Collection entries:
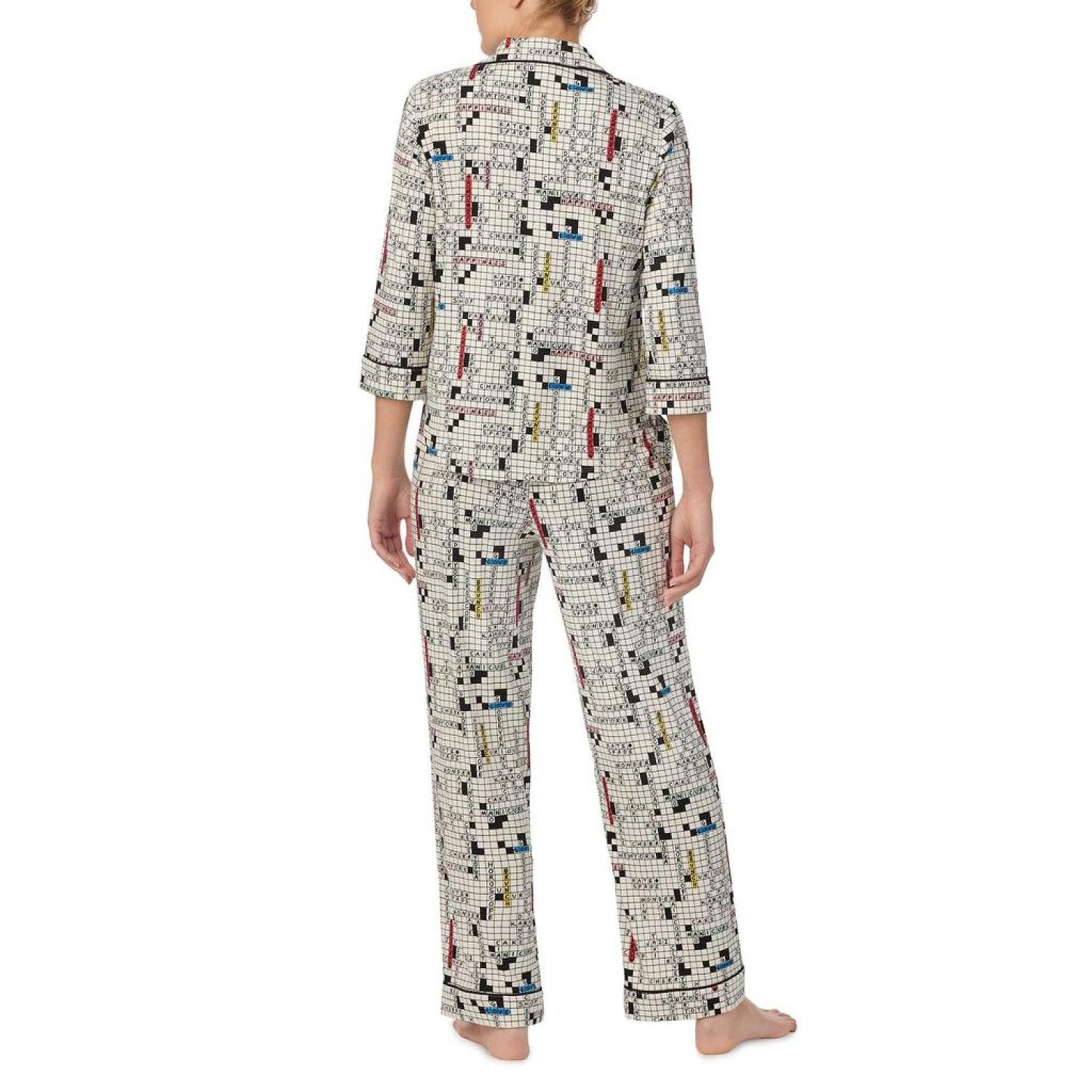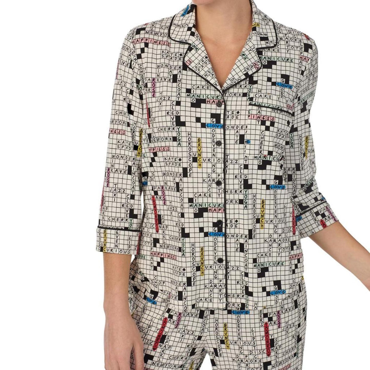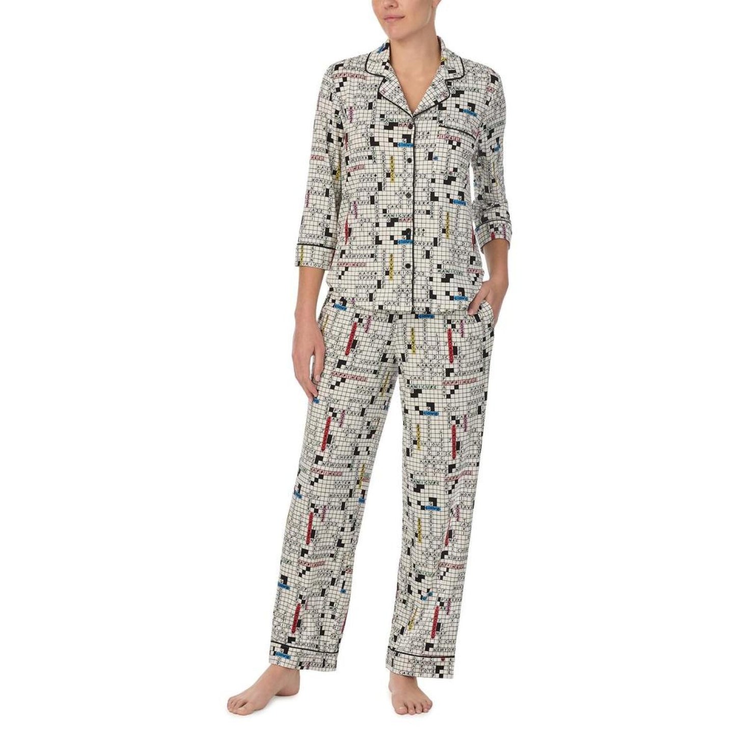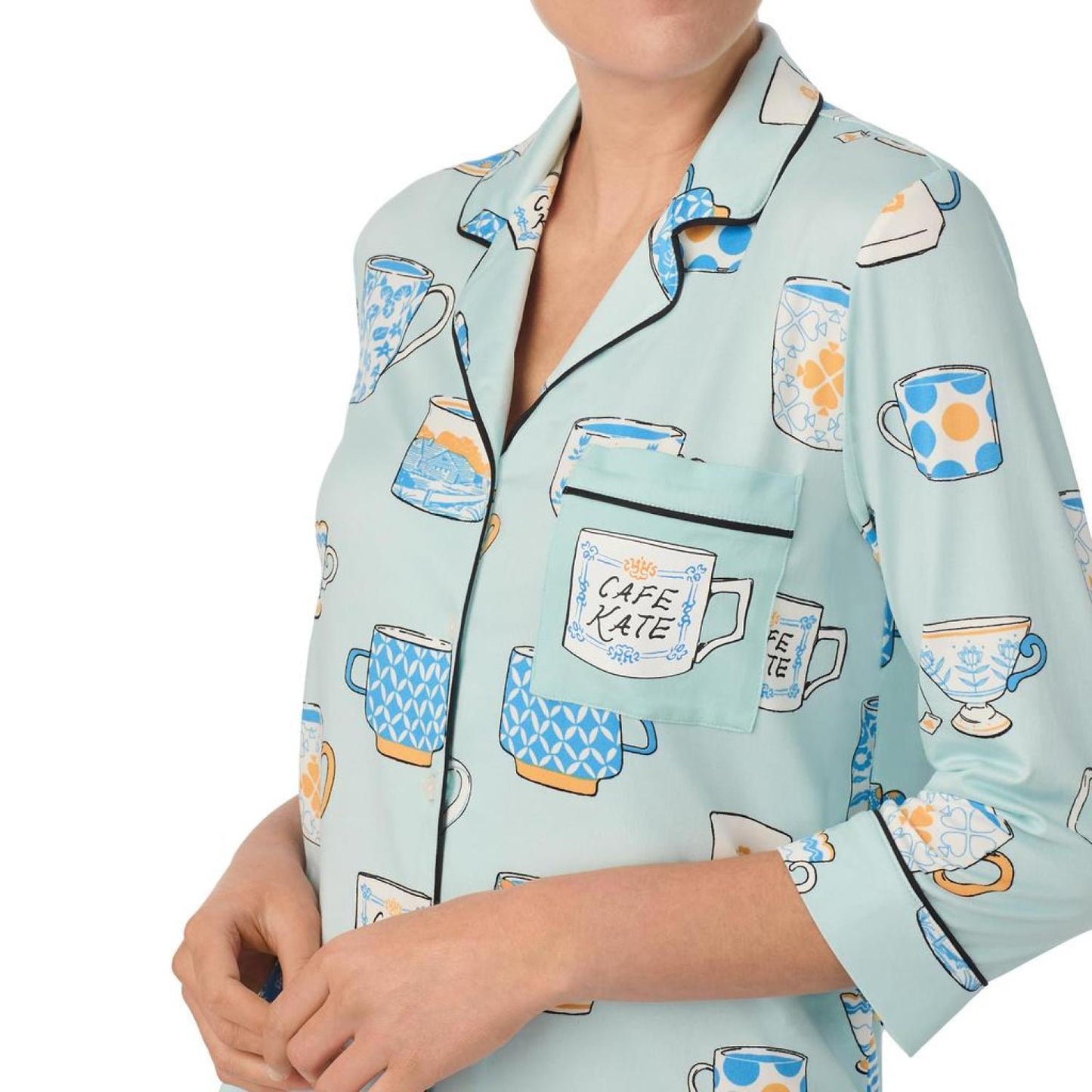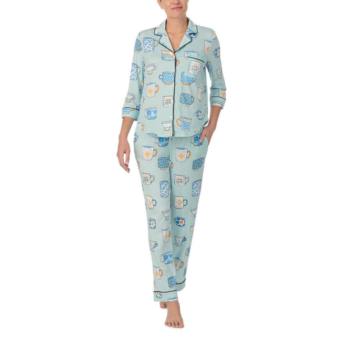 • Enjoy a sweet slumber in the cozy Kate Spade New York® Long 3/4 Sleeve PJ Set. The top features a notch collar with a front button-closure, three-quarter sleeves, chest pocket, contrast piping on the neckline and cuffs, shirttail hem, and allover print. The pull-on style bottoms offer an elastic waistband with side hand pockets, contrast piping at the cuffs and allover print.
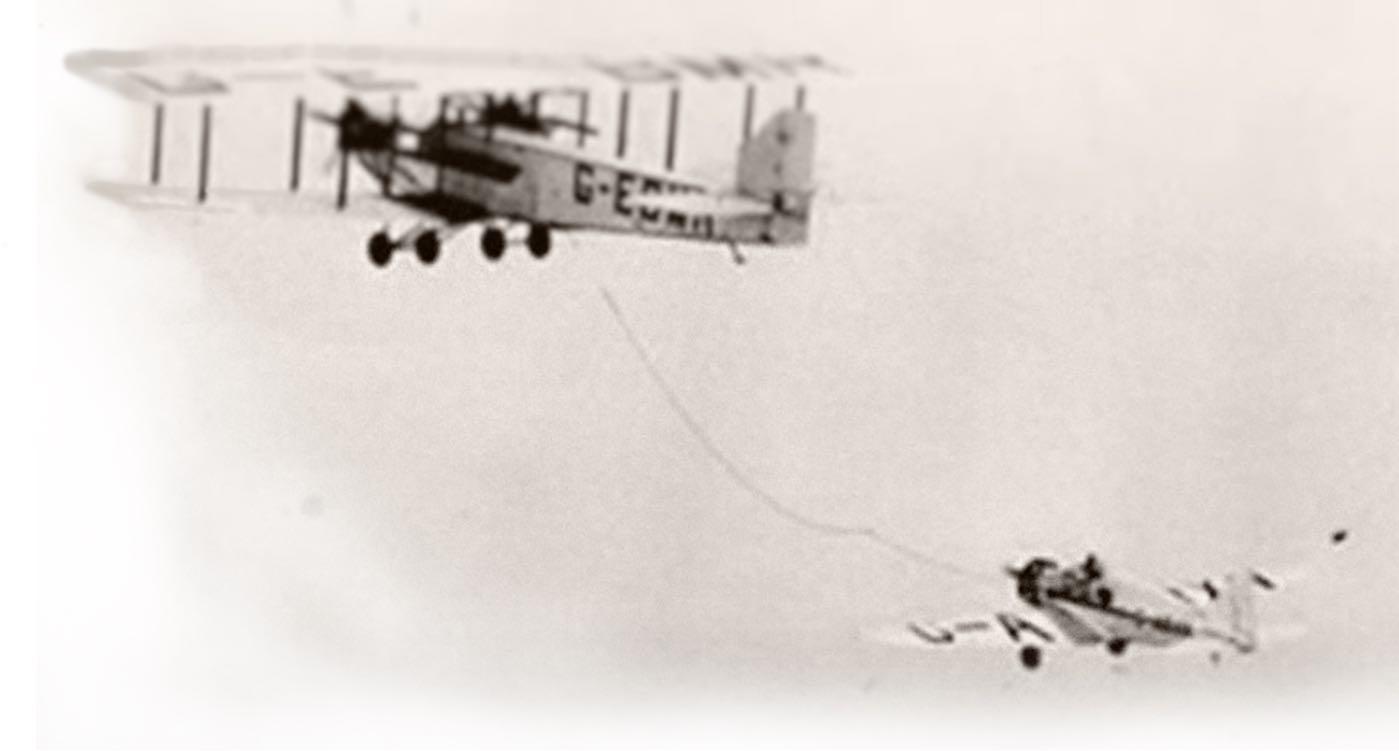 Left: A Handley Page Harrow, fittingly registered to reflect the acronym of Sir Alan Cobham’s Company, refuels an
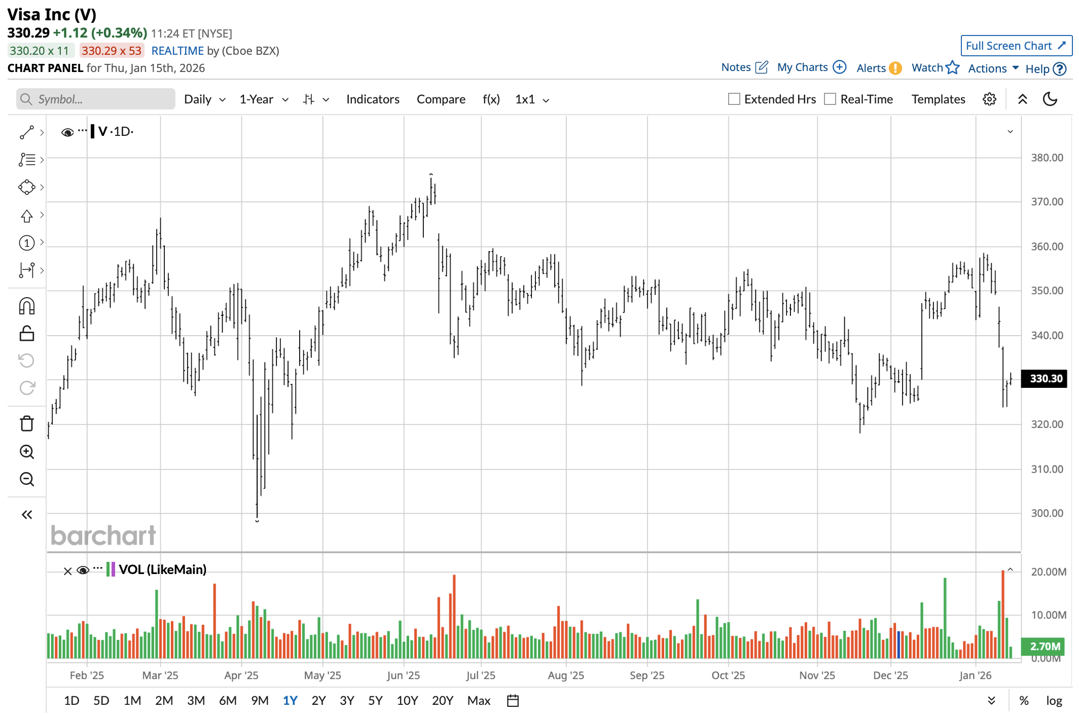 Over the past year, the price of V stock has ranged from a low of $299 to a high of $375, but shares are currently closer to the lower end of this range. The relative strength indicator is also below 40, indicating that there has been selling pressure in V stock. In comparison to Visa stock, the S&P 500 ($SPX) has fared relatively better, up 17% for the past 52 weeks versus Visa's 3% gain.
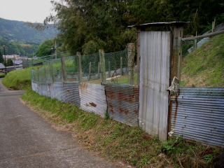 | 茶畑には柵はないが、他の畑にはイノシシの害を防ぐために柵がしてある。農家にとってはイノシシの害を防ぎながら作物を育てるのはたいへんな苦労があるだろう。 |
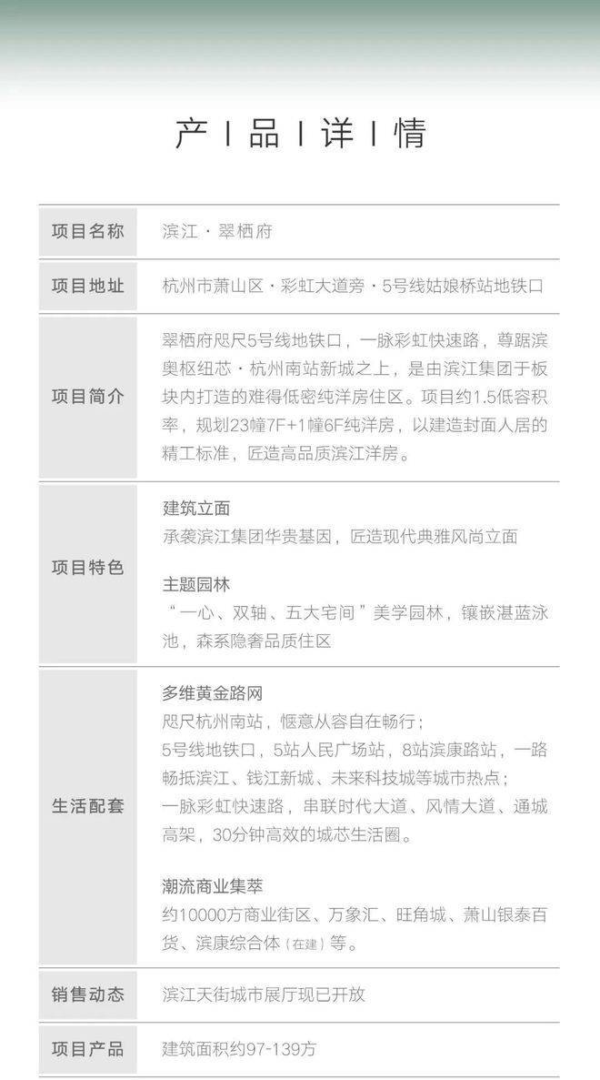 滨奥栖心处,翠色见杭州!在杭州,洋房几乎成为这座城市优雅的生活代言。滨江集团深谙杭州骨子里的优雅与美,于此打造板块内难得低密纯洋房住区,将城市的自然之翠、建筑的品质之翠、生活的丰盈之翠,融汇于“翠栖府”,让城市与人居理想共鸣。
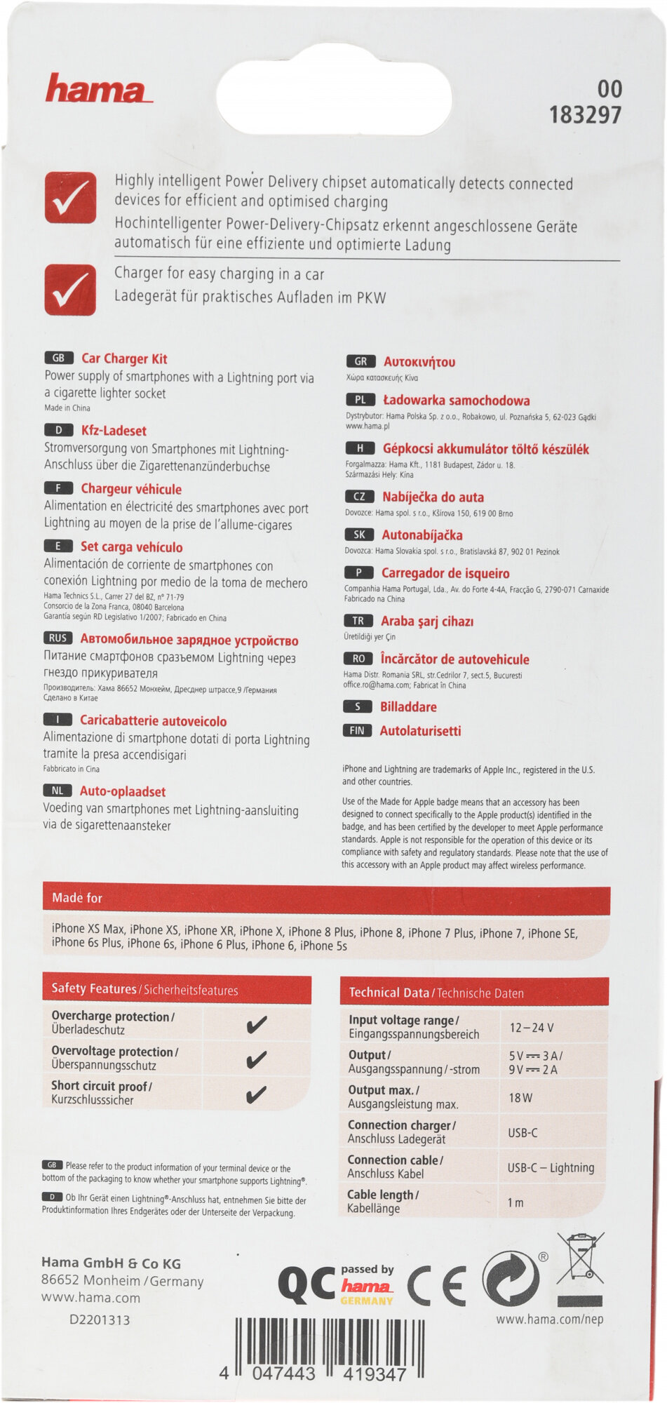 Зарядное устройство Hama автомобильное, H-183297 для Apple кабель Apple Lightning/Type-C белый
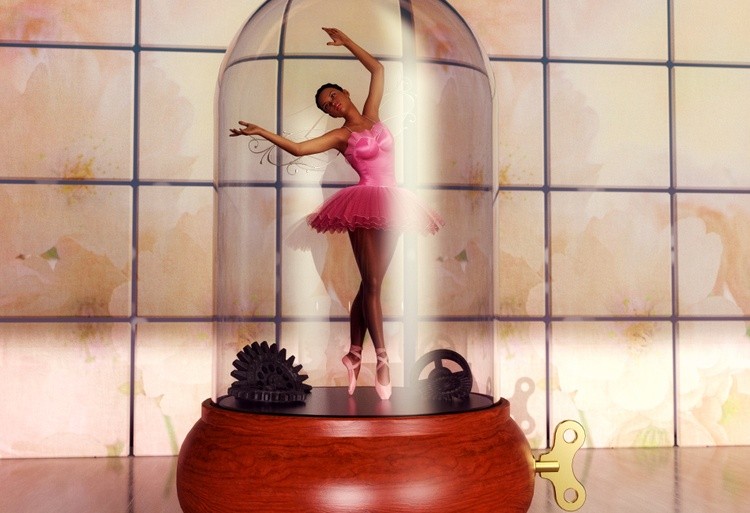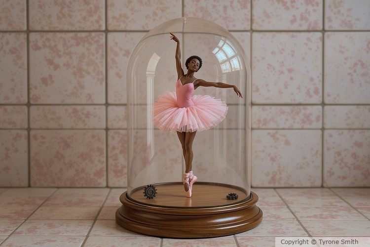 This photograph depicts a delicate, life-sized ballerina figure encased in a transparent dome with a polished wooden base. The ballerina, with a dark brown skin tone, is posed gracefully in a ballet position, with one arm extended upward and the other out to the side, while her right leg is bent at the knee and her left leg is extended behind her in a classic arabesque. She wears a vibrant pink tutu with ruffled layers and pink pointe shoes, adding a touch of color and elegance to the scene. The dome, which has a slight sheen, is supported by a circular wooden base with ornate gold detailing on the sides. Two black, gear-like objects are positioned at the base of the dome, adding an element of contrast and intrigue. The background consists of a wall with large, square tiles in a soft, pastel palette of beige and pink, featuring subtle floral patterns. The lighting is soft and natural, highlighting the ballerina's form and the textures of the dome and base. The overall composition creates a sense of both fragility and strength, blending the ethereal quality of the ballerina with the solidity of the dome and base.
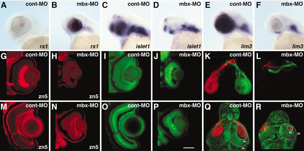 Fig. 5 Visual system phenotype in mbx-MO-injected embryos. (A–D) Expression patterns of retinal markers at 48 hpf. The expression of rx1 in retina is down-regulated in cont-MO-injected (A), but retained in mbx-MO-injected embryos (B). Islet1 and lim3 are activated in the retina of cont-MO-injected (C, E) but not mbx-MO-injected embryos (D, F); in contrast, expression of both genes in the hindbrain is not affected (D, F). (G–J, M–P) Retinal phenotype at 48 hpf (G–J) and 5 dpf (M–P). The number of RGCs and retinal axons, as visualized by zn-5 immunostaining, is greatly reduced in mbx-MO-injected embryos (H, N) compared with controls (G, M). (G) and (H) are shown at the same brightness setting to illustrate the absence of signal in (H). Nuclear staining using SYTOX (green) shows that retinal lamination is disorganized in mbx-MO-injected embryos (I, J, O, P). (K, L, Q, R) Retinotectal projections at 5 dpf. For clarity, the labeled eyes have been digitally removed. (K, L) The right and left eyes were labeled with diI (red) and diO (green), respectively. The number of retinal axons is greatly reduced in mbx-MO-injected embryos (L), but the remaining axons project normally to the contralateral side. (Q, R) Both eyes were labeled with diD (red), and the embryo was stained with SYTOX (green), which outlines the tectal border (tb) but does not label the cell-sparse tectal neuropil (tn). The size of the tecta, and especially the neuropil, was reduced in mbx-MO-injected embryos (R)

What you should do: Your answer must be the exact lines from the start of the data through the line with "Зарядное устройство Hama", inclusive, and nothing else; pictures do not belong in it.

Written reply:
 • Enjoy a sweet slumber in the cozy Kate Spade New York® Long 3/4 Sleeve PJ Set. The top features a notch collar with a front button-closure, three-quarter sleeves, chest pocket, contrast piping on the neckline and cuffs, shirttail hem, and allover print. The pull-on style bottoms offer an elastic waistband with side hand pockets, contrast piping at the cuffs and allover print.
 Left: A Handley Page Harrow, fittingly registered to reflect the acronym of Sir Alan Cobham’s Company, refuels an
 Over the past year, the price of V stock has ranged from a low of $299 to a high of $375, but shares are currently closer to the lower end of this range. The relative strength indicator is also below 40, indicating that there has been selling pressure in V stock. In comparison to Visa stock, the S&P 500 ($SPX) has fared relatively better, up 17% for the past 52 weeks versus Visa's 3% gain.
 | 茶畑には柵はないが、他の畑にはイノシシの害を防ぐために柵がしてある。農家にとってはイノシシの害を防ぎながら作物を育てるのはたいへんな苦労があるだろう。 |
 滨奥栖心处,翠色见杭州!在杭州,洋房几乎成为这座城市优雅的生活代言。滨江集团深谙杭州骨子里的优雅与美,于此打造板块内难得低密纯洋房住区,将城市的自然之翠、建筑的品质之翠、生活的丰盈之翠,融汇于“翠栖府”,让城市与人居理想共鸣。
 Зарядное устройство Hama автомобильное, H-183297 для Apple кабель Apple Lightning/Type-C белый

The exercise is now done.